On the same day you’re making the ensaymada, make the filling
- In a small heavy-bottomed saucepan over medium-low heat, whisk together tablea, evaporated milk, condensed milk, cornstarch, and butter. Whisk constantly until mixture is smooth, homogenous, and thickens into a pudding-like consistency, more or less 5 minutes. It should be thick enough to hold soft peaks when you lift up your whisk.
- Immediately remove from heat and add in the egg yolks, whisking immediately to keep them from scrambling. Whisk until mixture is homogenous. Set aside to cool briefly then transfer to a piping bag. (If a skin or some clumps form after cooling, just whisk it until the mixture becomes smooth again.) This mixture is best used the same day but it can be stored up to 1 day in the fridge after making.*
Shape the ensaymada
- Lightly grease 7 ensaymada molds and place on a baking sheet. If you don’t have them, you can grease a 9-inch springform pan if you want to make a round “pull-apart” ensaymada loaf instead.
- Once the dough has sufficiently risen, punch it down and turn out onto your lightly floured work surface. (If using refrigerated dough, allow to proof at room temperature for at least 1 hour before using.) Briefly shape dough into a rectangular mass and divide into 2 pieces. Roll each piece into a longish fat oblong and slice dough into 25 to 30-gram portions.

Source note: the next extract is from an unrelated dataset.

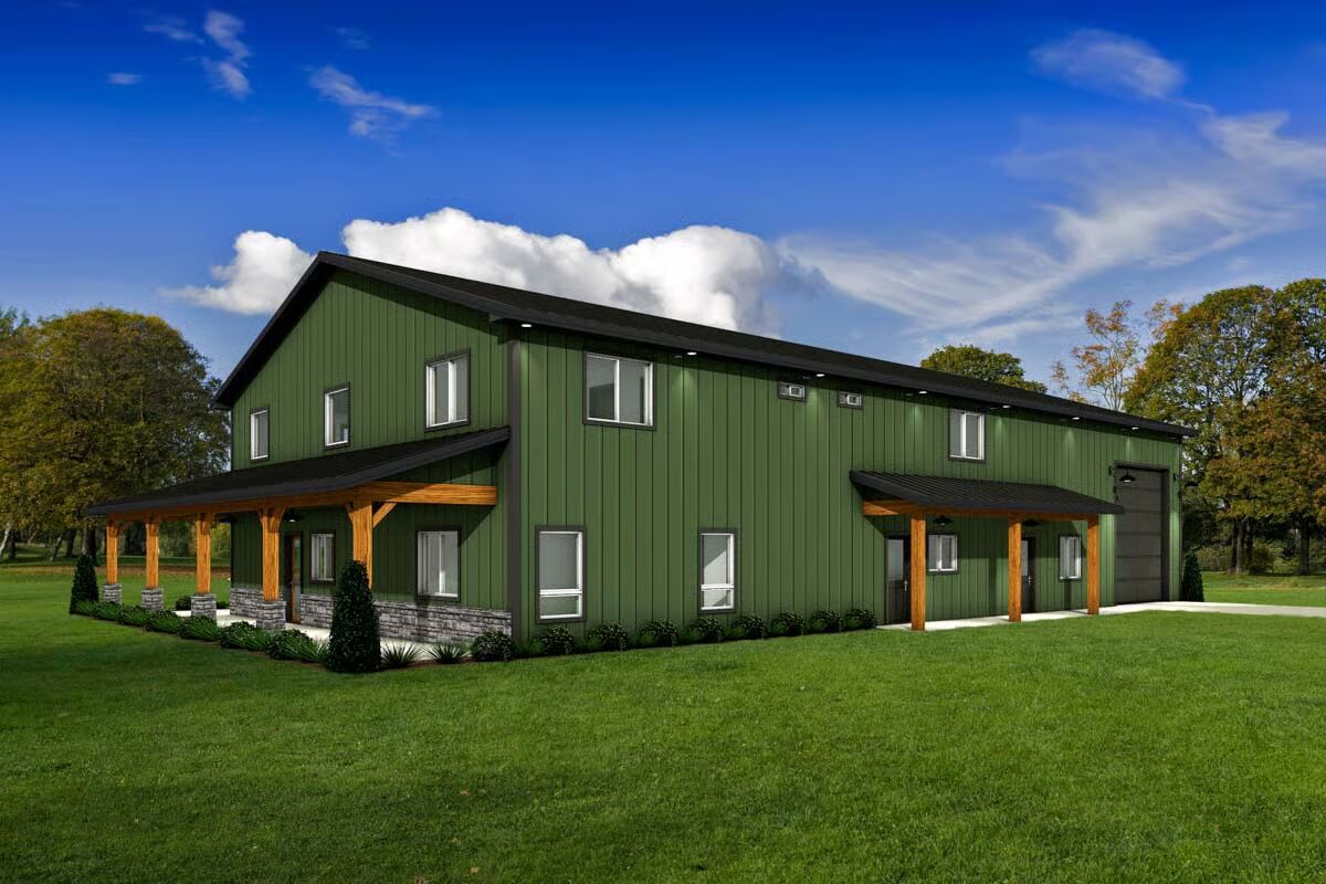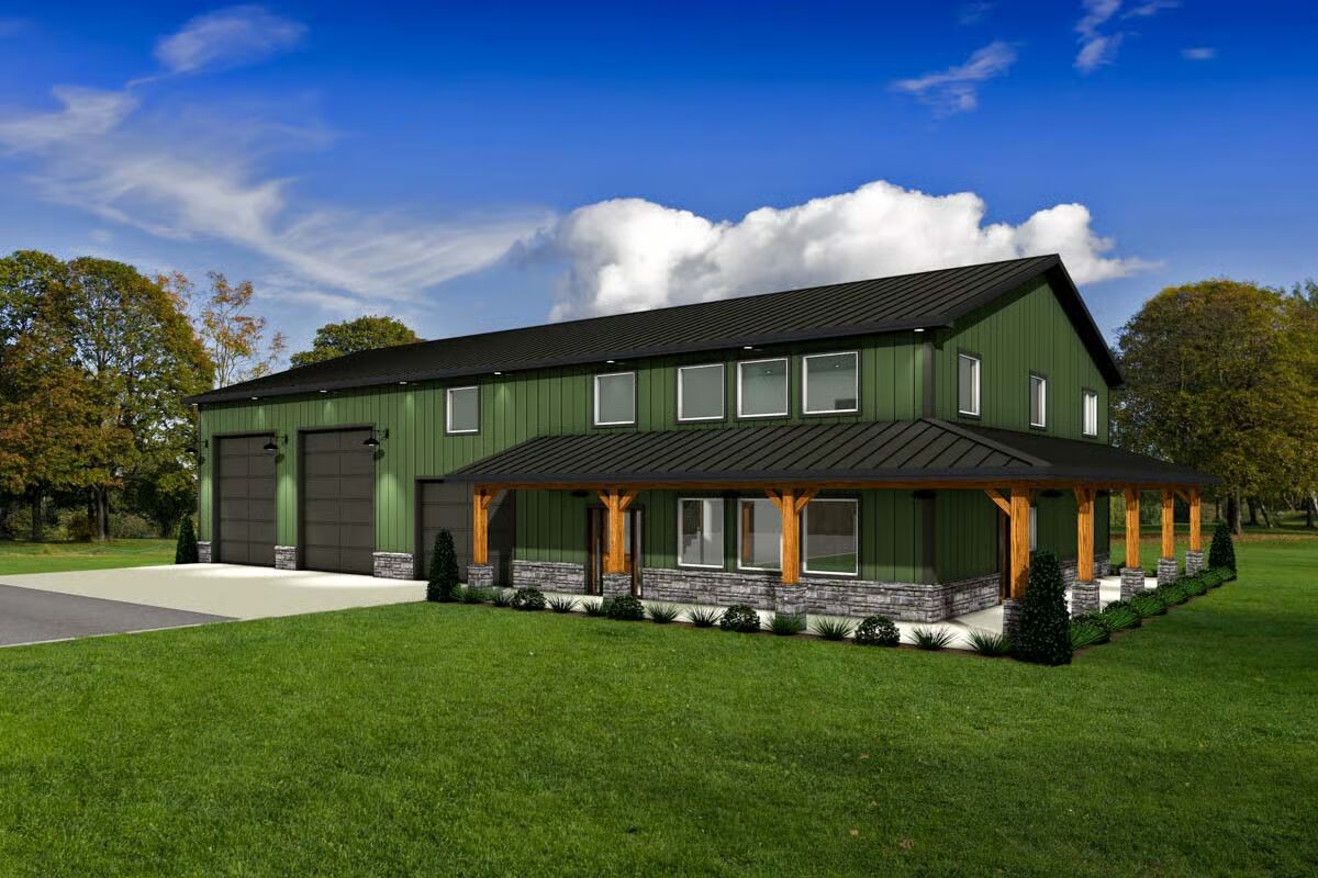 Blending rustic character with modern comfort, this Barndominium plan delivers exceptional curb appeal and flexible living for today’s lifestyle.

You should get about 21 pieces in total.
- Shape each piece into small rounds, then use a rolling pin to flatten each piece into discs. Try to keep the middle part a little thicker than the edges. Pipe about 1 Tablespoon of tablea filling into the center of the dough discs, then bring edges up to seal the filling inside. Gently pinch the dough to seal and give the balls a little roll on your work surface to smooth out the seams.

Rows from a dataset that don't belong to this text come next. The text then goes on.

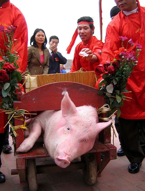 | Hình ảnh tại lễ hội chém lợn làng Ném Thượng, huyện Tiên Du, Bắc Ninh. |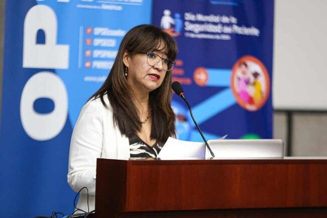 Quito, 24 de septiembre de 2024. En el contexto del Día Mundial de la Seguridad del Paciente, la representante de la OPS en Ecuador, Sonia Quezada, hizo un llamado a la acción a pacientes, personal de salud, responsables políticos y gestores en la atención de salud, para informarse, implicarse y trabajar de manera articulada para velar por la seguridad del paciente y mejorar su salud.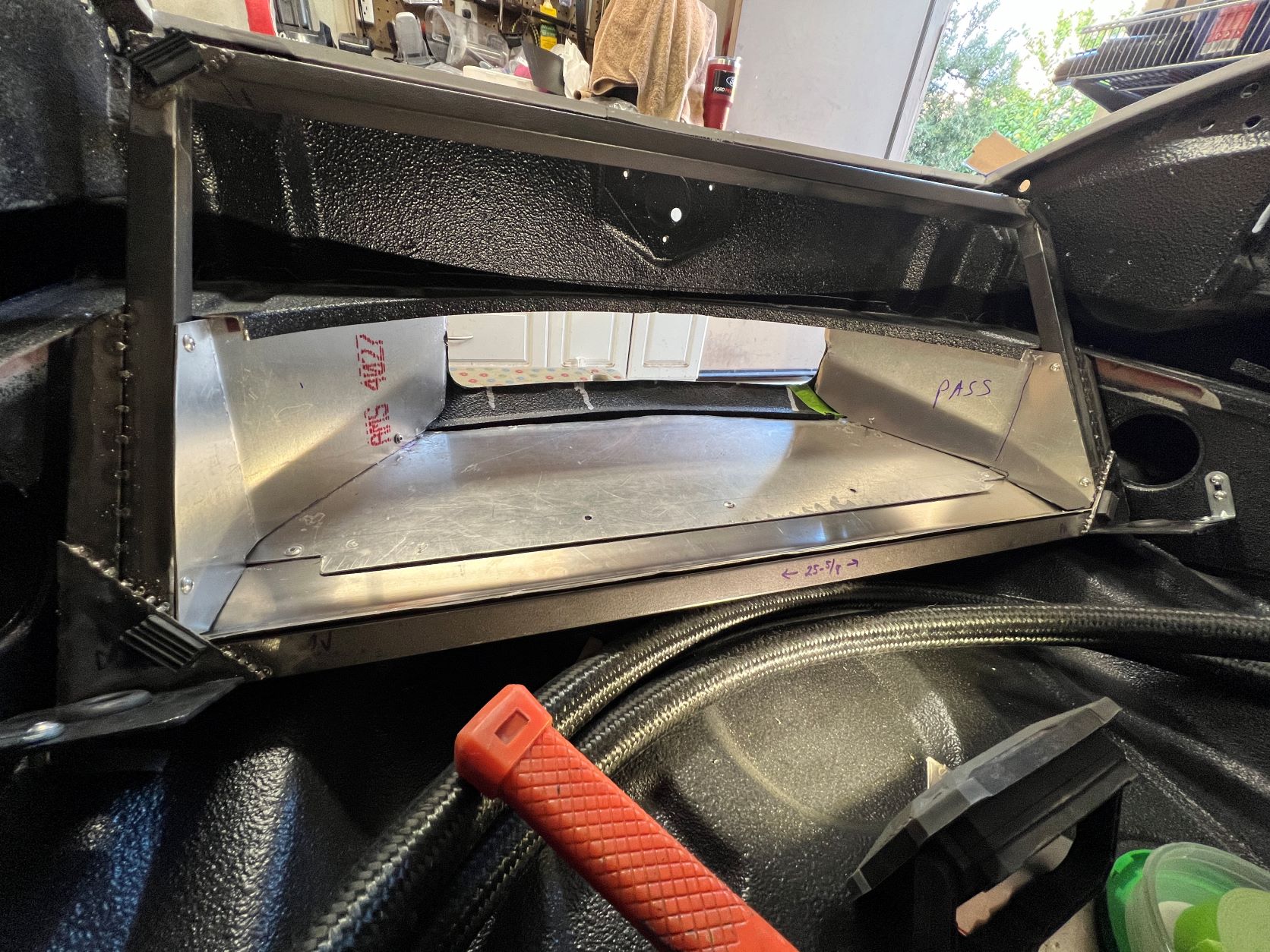 I got to spend a few hours this afternoon and made some progress. Lower ducting is in place. I just need to get more rivets - only had 3 left from the last revision. I have the upper sides cut out. Just working on fine tuning them and then I'll need the rivets to attach them. I'm trying to reuse as much as possible from the last revision - that's why the bottom is two pieces riveted together. (IMG:style_emoticons/default/smash.gif) |

- Place 3 filled rounds of dough inside your ensaymada mold in a clover shape. (If using a springform pan, just arrange them as you like.) Repeat with the rest.
- Loosely cover ensaymada with a cloth or clingfilm and allow to proof a second time, another 45 minutes to 1 hour. They will puff up nicely over the rim of the ensaymada molds. 20 minutes before the end of the rising time, preheat oven to 350°F (180°C).
- Bake the ensaymada for 13 to 15 minutes, or until they start to turn golden on the surface. Do not over-bake to keep them moist. Allow ensaymada to cool until just barely warm to the touch.
Finish the ensaymada
- In a small bowl, beat together softened butter and sugar. Spread on top of the cooled ensaymada. You can be as generous as you please but you only really need a thin layer to hold the cheese on the bread.
- Shred your cheese to your desired size. Finely grated cheese will make the ensaymada look prettier, although sometimes I prefer thicker cheese strands to have something to bite into. Sprinkle cheese generously on top until the entire surface is covered. Serve ensaymadas with Hot Tsokolate Tablea.
To make the Tsokolate Tablea
- In a saucepan over medium high heat, mix together water and tablea until melted and smooth. Add in milk and 1/8 cup sugar. Mix together until well combined. Taste if the drink is sweet enough or chocolatey enough to your taste and add more sugar or tablea as needed.*** Serve hot with the ensaymada as a dipping drink.